[Records from a data collection]
--------------------

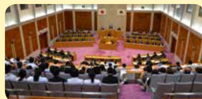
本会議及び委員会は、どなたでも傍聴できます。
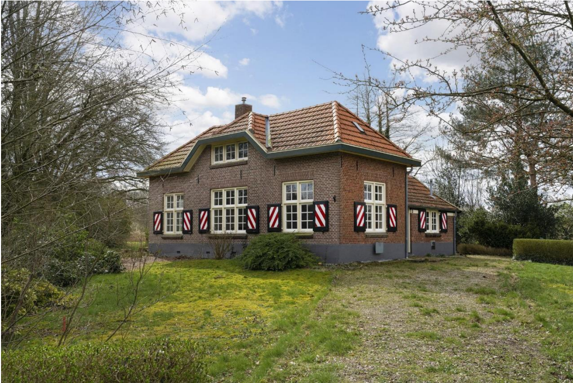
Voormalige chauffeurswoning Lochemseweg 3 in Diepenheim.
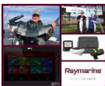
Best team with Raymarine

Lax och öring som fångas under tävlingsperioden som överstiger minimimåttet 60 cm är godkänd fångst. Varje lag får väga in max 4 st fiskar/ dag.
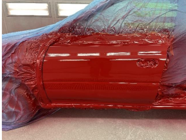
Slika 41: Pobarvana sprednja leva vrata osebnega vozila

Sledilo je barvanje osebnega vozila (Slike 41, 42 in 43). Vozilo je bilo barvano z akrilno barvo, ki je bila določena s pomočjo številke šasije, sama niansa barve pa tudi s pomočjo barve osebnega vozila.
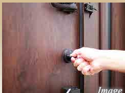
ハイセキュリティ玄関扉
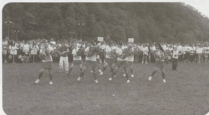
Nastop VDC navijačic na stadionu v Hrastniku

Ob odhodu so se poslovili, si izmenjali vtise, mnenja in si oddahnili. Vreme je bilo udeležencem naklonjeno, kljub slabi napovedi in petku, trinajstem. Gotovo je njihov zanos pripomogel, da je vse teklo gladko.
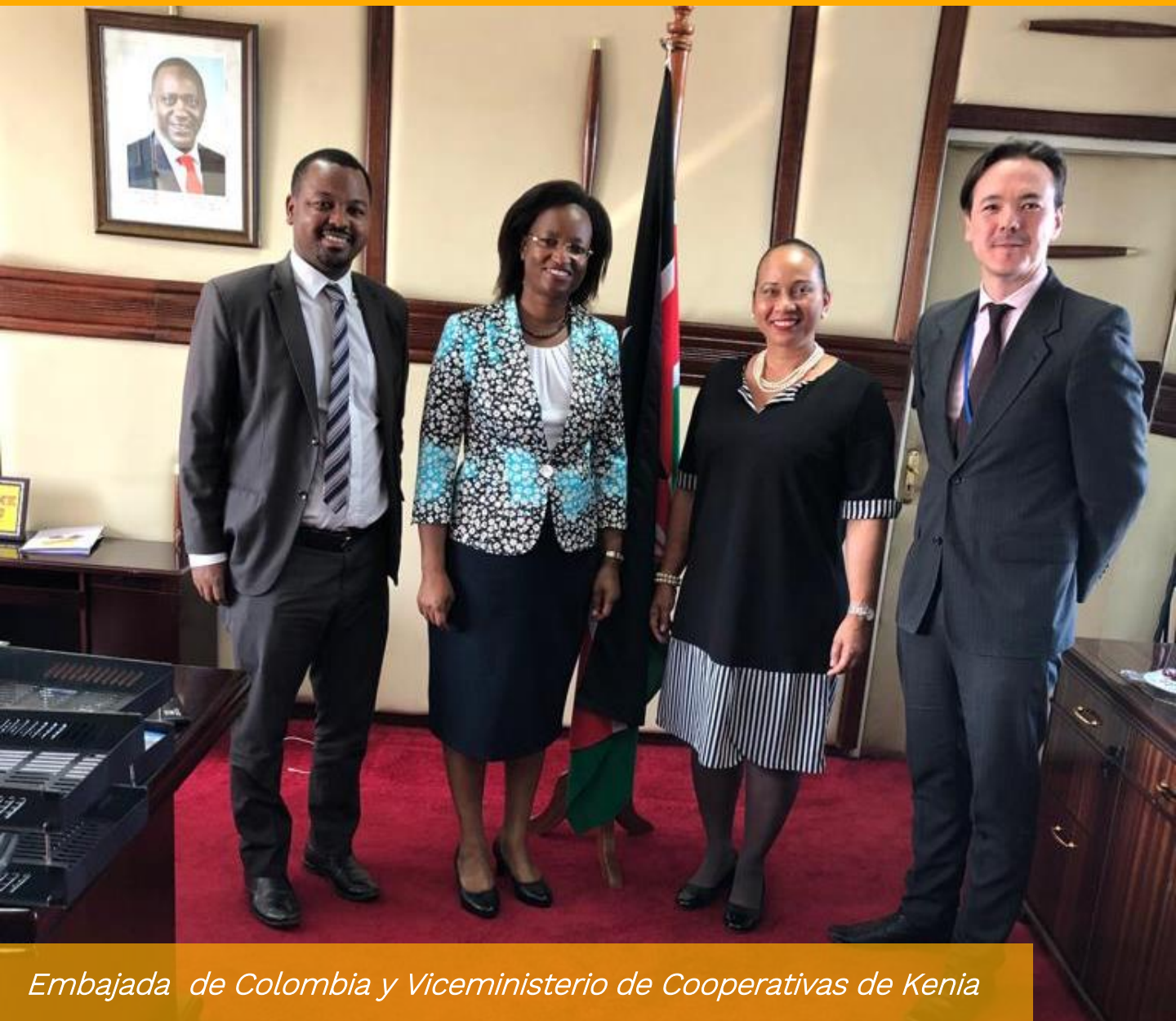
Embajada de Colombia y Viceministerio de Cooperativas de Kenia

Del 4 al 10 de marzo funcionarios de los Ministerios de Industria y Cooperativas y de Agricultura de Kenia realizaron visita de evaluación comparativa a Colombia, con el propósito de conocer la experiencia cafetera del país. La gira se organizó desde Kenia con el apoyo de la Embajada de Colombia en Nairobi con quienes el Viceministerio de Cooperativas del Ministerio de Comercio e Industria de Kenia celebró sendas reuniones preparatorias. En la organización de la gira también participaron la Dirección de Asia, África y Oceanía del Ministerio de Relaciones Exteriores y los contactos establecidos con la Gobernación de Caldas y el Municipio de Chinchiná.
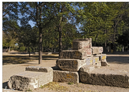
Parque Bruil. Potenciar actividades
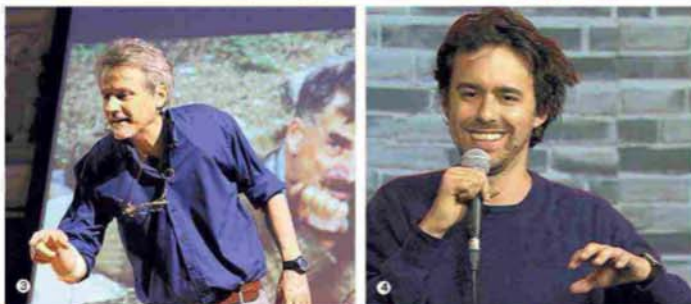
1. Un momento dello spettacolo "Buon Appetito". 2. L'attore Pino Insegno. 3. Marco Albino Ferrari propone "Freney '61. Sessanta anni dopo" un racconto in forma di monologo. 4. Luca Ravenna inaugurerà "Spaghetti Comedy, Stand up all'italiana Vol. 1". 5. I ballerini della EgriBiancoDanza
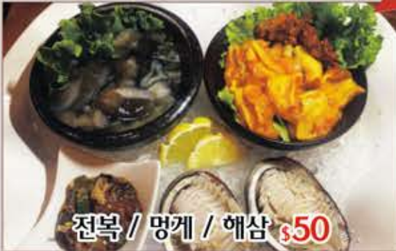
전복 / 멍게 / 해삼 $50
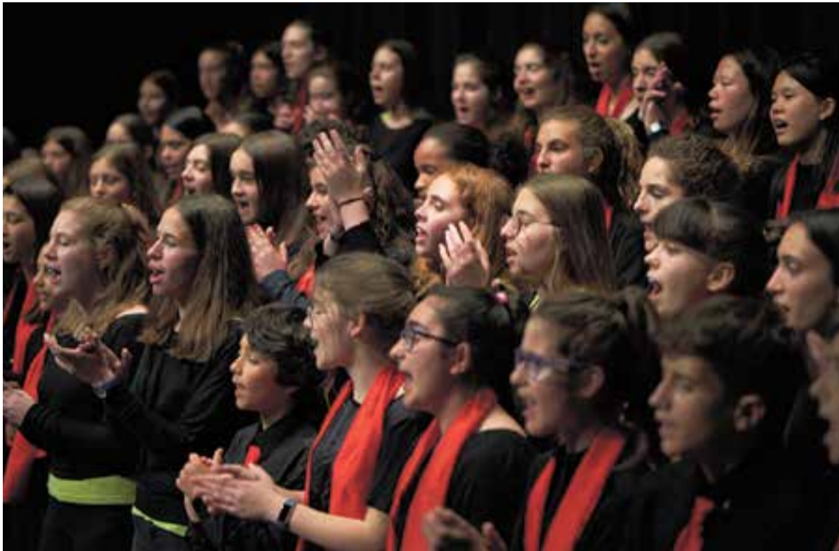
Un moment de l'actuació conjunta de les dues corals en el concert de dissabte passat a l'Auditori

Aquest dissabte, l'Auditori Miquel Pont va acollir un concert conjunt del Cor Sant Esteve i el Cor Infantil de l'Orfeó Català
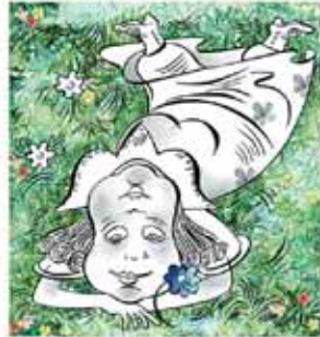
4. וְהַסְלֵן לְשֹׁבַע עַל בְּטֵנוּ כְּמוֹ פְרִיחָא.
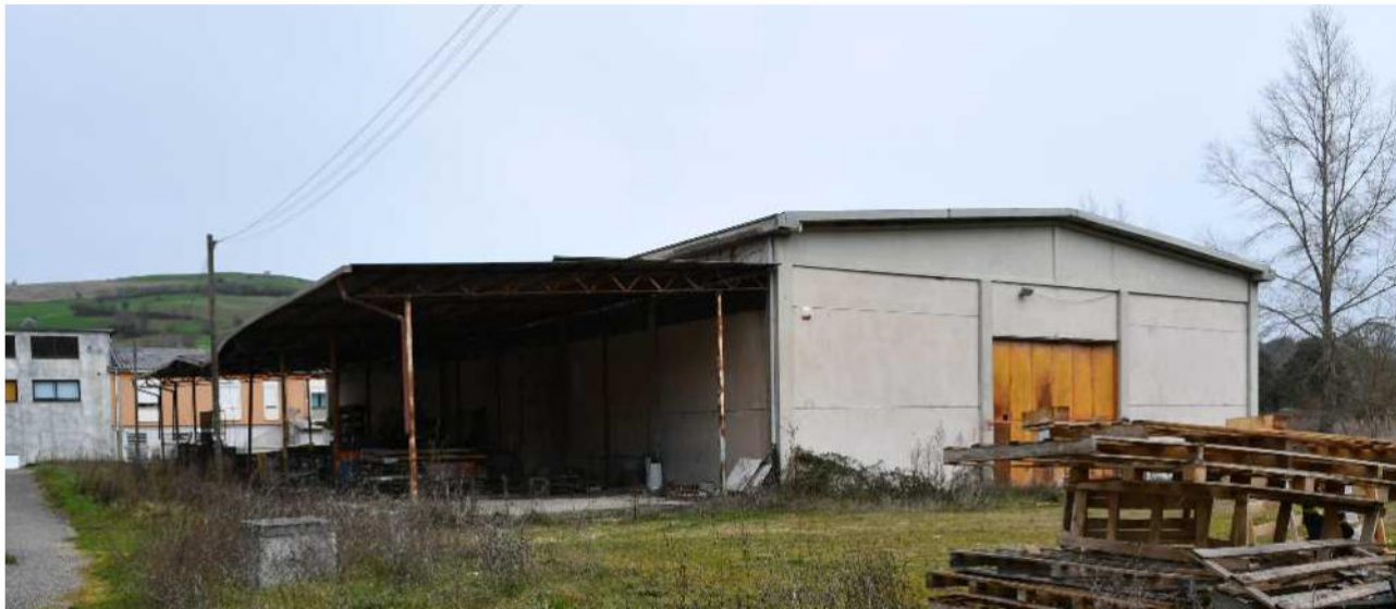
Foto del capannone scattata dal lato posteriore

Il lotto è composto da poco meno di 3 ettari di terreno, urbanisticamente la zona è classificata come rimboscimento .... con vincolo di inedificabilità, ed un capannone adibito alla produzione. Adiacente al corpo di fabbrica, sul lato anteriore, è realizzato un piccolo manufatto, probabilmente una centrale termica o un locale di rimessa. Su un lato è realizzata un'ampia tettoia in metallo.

--------------------

▶ _TRY IT_:
Using the data above, which lines fall from the one with "Slika 41: Pobarvana" through the one with "Embajada de Colombia y"? Repeat them exactly, ends included, minus any pictures.

▶ _PROBLEM SOLUTION_:
Slika 41: Pobarvana sprednja leva vrata osebnega vozila

Sledilo je barvanje osebnega vozila (Slike 41, 42 in 43). Vozilo je bilo barvano z akrilno barvo, ki je bila določena s pomočjo številke šasije, sama niansa barve pa tudi s pomočjo barve osebnega vozila.
ハイセキュリティ玄関扉
Nastop VDC navijačic na stadionu v Hrastniku

Ob odhodu so se poslovili, si izmenjali vtise, mnenja in si oddahnili. Vreme je bilo udeležencem naklonjeno, kljub slabi napovedi in petku, trinajstem. Gotovo je njihov zanos pripomogel, da je vse teklo gladko.
Embajada de Colombia y Viceministerio de Cooperativas de Kenia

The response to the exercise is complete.